Delirious December Gives Way to Jittery January As Congress Passes Another Temporary Spending Bill

Mitch McConnell not looking exactly full of holiday cheer as the Senate manages temporarily to avoid a government shutdown. Photo: Alex Wong/Getty Images

A good 24 hours before the federal government would have otherwise shut down, the Senate passed a temporary spending bill put together by the House earlier in the day and kicked many controversial cans down the road one more time until January 19, 2018.

This was the second stopgap spending bill since last year’s appropriations expired at the end of September. It’s very likely the last, since the arguments over defense and non-defense spending levels, immigration policy, disaster-recovery funding, and health care, among other items, cannot be left unresolved perpetually. And the longer these arguments drag on, the more likely they will get entangled with a must-pass debt-limit increase and election-year posturing.

For the moment, the latest stopgap bill bought off defense hawks with a waiver of spending caps and a $4 billion down payment on increased defense spending; addressed the needs of House members from states hit by hurricanes and wildfires (though the Senate only promised to act on disaster money later); provided a short-term extension of the federal government’s warrantless surveillance program; and tossed some money at the CHIP program to keep states from interrupting health-insurance coverage for kids. The House conservatives who might have upset the apple cart mostly stayed onboard so as to avoid spoiling today’s celebratory signing of the GOP tax bill at the White House.

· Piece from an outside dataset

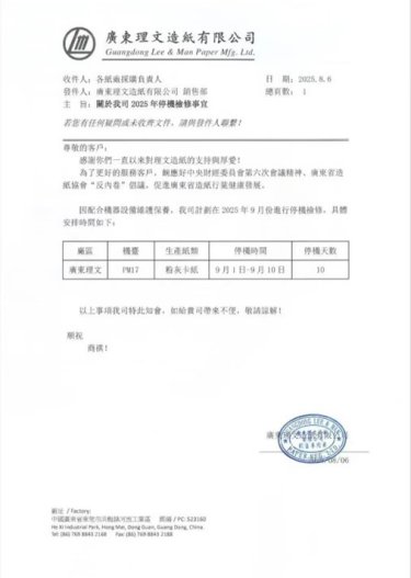 进入7月以来,多个纸种价格进一步下滑,叠加“反内卷”热潮持续升温,玖龙纸业、理文造纸宣布停机并涨价,被解读为率先应对这轮降价冲击,浙江一家头部纸企人士受访时也坦言,“前阵子造纸内卷太厉害了,好多品种纷纷降价,估计(我们)公司也会有相应行动。”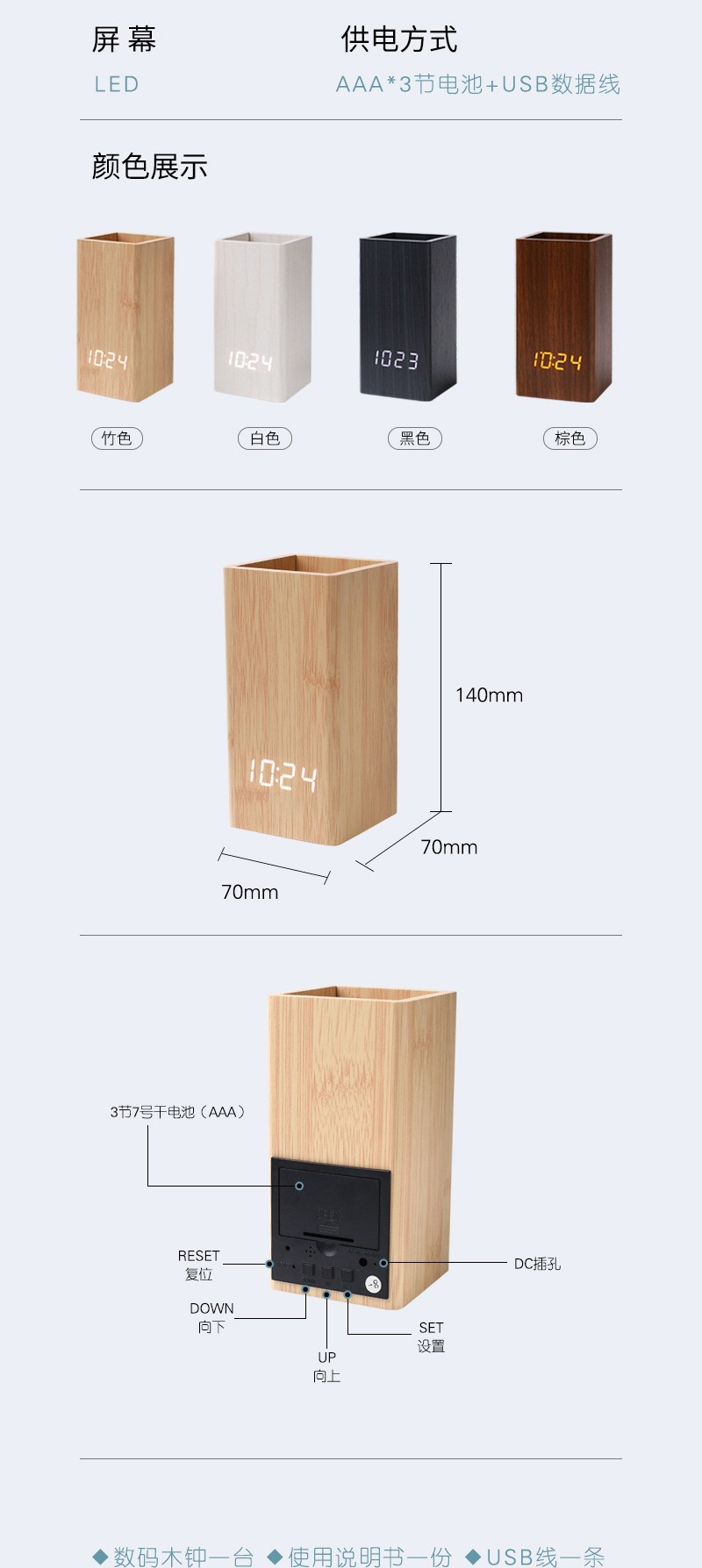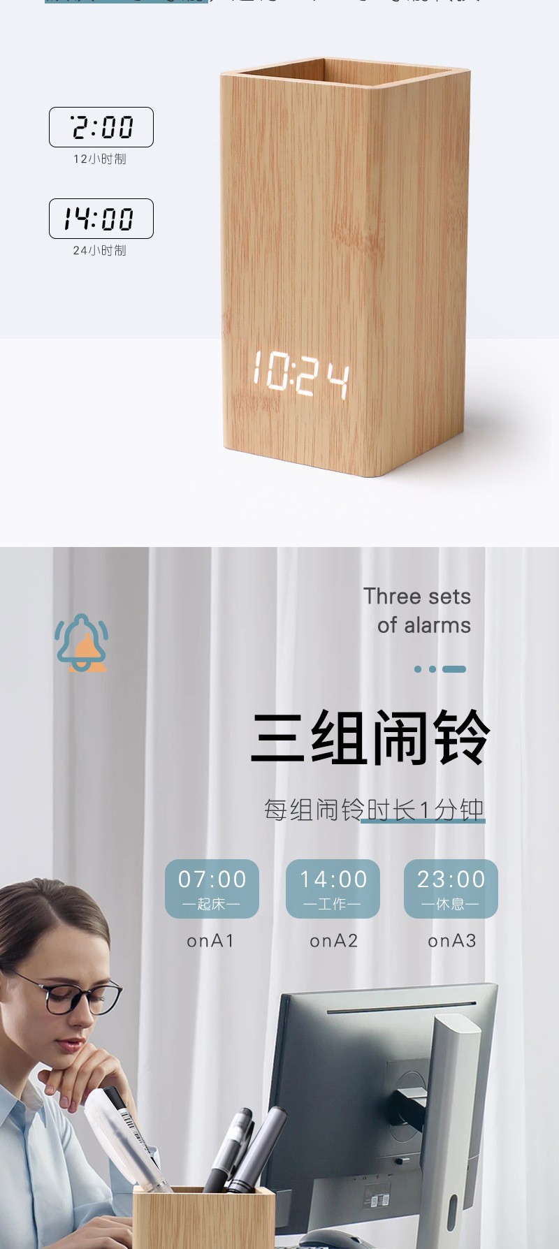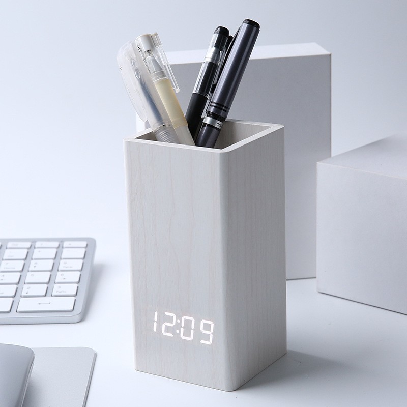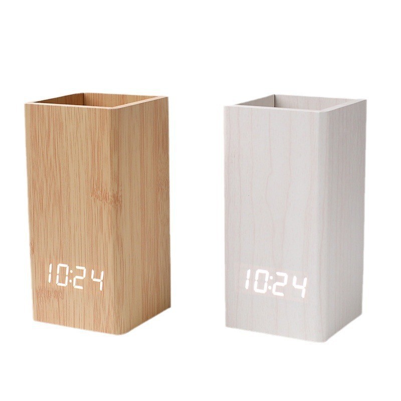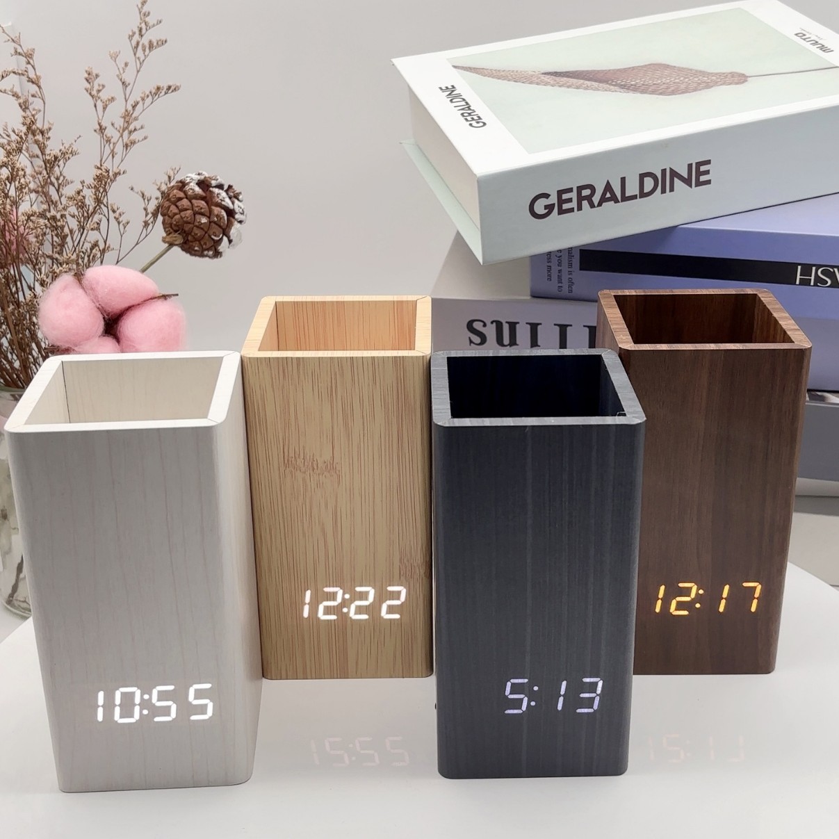 Простые деревянные настольные LED-часы, электронные деревянные часы, офисный декор, подставка для ручек, студенческий будильник, LED-будильник

Meanwhile, Senate Democrats made a lot of noise about the absence of legislation regularizing the status of Dreamers, but 17 of them joined with all but two Republicans to rubber-stamp the stopgap spending bill when it arrived from the House. With the temporary delay in the implementation of Trump’s executive order canceling Obama’s DACA program for Dreamers due to run out in March, congressional Democrats will probably have to draw a line in the sand on that issue when spending negotiations resume in January.

Also left in the congressional rush to go home for Christmas were the two health-care bills aimed at stabilizing Obamacare that Mitch McConnell promised Susan Collins in exchange for her support for the GOP tax bill; she chose to let him off the hook for breaking this promise, but the debt will definitively come due in January, despite House conservative opposition to doing anything to make Obamacare work better.

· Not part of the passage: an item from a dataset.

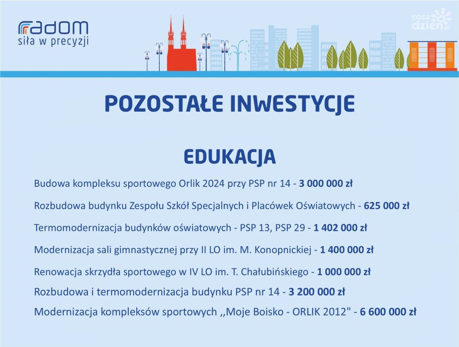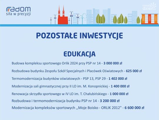 Wiele będzie się działo również w temacie oświaty. Przy PSP nr 14 powstanie Orlik, a pozostałe boiska z tego programu przejdą remont. W IV Liceum Ogólnokształcącym renowację przejdzie skrzydło sportowe. To jednak nie wszystko. - Kończymy rozbudowę Zespołu Szkół Specjalnych i Placówek Oświatowych przy ul. Lipskiej, termomodernizację PSP nr 13 i PSP nr 29, modernizację sali gimnastycznej przy LO im. Konopnickiej - mówi Kalinowska.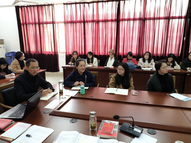 会议在教工党支部书记张俊萍老师的主持下召开,英语系的几位翻译教授、老师详细地交流了十九大报告内容翻译的一些见解和心得体会。龚晓斌老师谈了英汉翻译的措辞问题,孙志祥老师详细讲解了“不忘初心”的译法和提出“不忘初心”的历史背景,王金安老师对“不忘初心”、“社会主义核心价值观”、“坚持人与自然和谐共生”等关键词进行解读,卞正东老师梳理出十九大报告中的57个“心”的翻译,彭方针老师对新时代中国特色社会主义思想“Xi Jinping Thought”的翻译做出自己的理解分析,老师们交流的内容充实,从不同角度和视野为大家解读十九大报告的翻译,并原创性提出自己的心得体会,信息量非常巨大,在场党员同学表示受益良多。彭方针老师以十九大报告中习近平总书记提出的“不要人夸好颜色,只留清气满乾坤”鼓励党员同志们保持党员本色,追求更高的人生境界。

Speaking of debt: New “emergency” spending on defense and disaster relief and recovery that wasn’t budgeted for could mean that action to raise the government’s debt limit will have to occur sooner rather than later in 2018, as Politico notes:

All of this emergency spending … has raised questions about when the nation’s borrowing limit will need to be lifted. The United States government has stopped investing in certain vehicles because of Congress’s inaction in raising the debt limit. The government is using extraordinary measures to avoid default. Expect a fight here, because Republicans will want spending cuts — most likely — after a summer and fall filled with spending.

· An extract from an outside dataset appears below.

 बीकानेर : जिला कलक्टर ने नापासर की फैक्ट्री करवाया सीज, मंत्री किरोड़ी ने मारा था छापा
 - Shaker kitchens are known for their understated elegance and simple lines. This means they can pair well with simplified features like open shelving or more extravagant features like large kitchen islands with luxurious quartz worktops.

A fight here and a fight there, with midterm elections rapidly approaching and Republicans not having the power to overcome a determined Democratic Senate minority deploying the filibuster (a minority soon to be augmented by new Democratic senator Doug Jones): It’s a recipe for a messy and contentious January with no leeway to kick many cans further down the road. Members of Congress had better enjoy their holiday break.